Dr Louie was also well-known for his generous support of many of the city’s education, health and cultural institutions. He gave UBC a major gift during the World of Opportunity Campaign to create the Tong Louie Chair in Pharmacy Administration. He also helped to establish the London Drugs Scholarship Endowment at UBC. A major benefactor to local universities and charitable organizations, he helped build the Geraldine and Tong Louie Human Performance Centre at the SFU Harbour Centre and the Dr Tong Louie Living Laboratory, a joint project of the SFU Gerontology Research Centre and the BCIT Technology Centre. Among the other organizations benefiting from his support were the Vancouver Public Library and the Vancouver Symphony Orchestra.

He was no less active as a volunteer. He was appointed to senior positions on many boards and foundations over the years, including terms as Honorary Chairman of the St. Paul’s Hospital Foundation, Director of the Vancouver Symphony Orchestra, Honorary Director of Crime Stoppers and as a member of the Salvation Army Campaign committee. He was a trustee of St. Paul’s Hospital, a member of its finance committee and Honorary Campaign Chairman of St. Paul’s Hospital Foundation. He was a director of the Pacific Otolaryngology Foundation and the BC and Yukon Heart Foundation.

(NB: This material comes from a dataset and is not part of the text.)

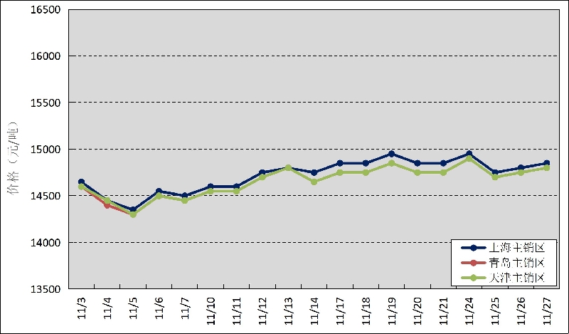 圖3  2025年11月國內(nèi)主銷區(qū)天然橡膠價格走勢

At his passing in 1998, it was pointed out that our country was built by men and women who were willing to work hard, take unusual risks, and push beyond commonly accepted limits. Such a man was Tong Louie, who excelled both as a businessman and as a philanthropist. The Faculty of Agricultural Sciences is proud to have help shape the career of one of its most successful alumni, who had made outstanding contributions to the community, British Columbia and Canada. In spite of his achievments it was said that Tong Louie maintained a down-to-earth attitude toward himself and his work throughout his life. His sense of humour was never far from the surface, and he had a reputation for treating his many employees as part of one big family. He often recalled his father’s words, and lived by them: “When pursuing prosperity, you must follow the rules of heaven. Don’t be afraid to be kind and charitable.”

Dr Louie was predeceased by his wife Geraldine.

In 2008 Dr Louie received, posthumously, one of the nine LFS Centenary Awards which recognized the outstanding achievements of UBC alumni. His son Brandt received the award on his behalf.

R Blair and C R Nichols 2003: based on UBC archives and E G Perrault ; Tong: the Story of Tong Louie, Vancouver’s Quiet Titan, Harbour Pub. Co. 2002.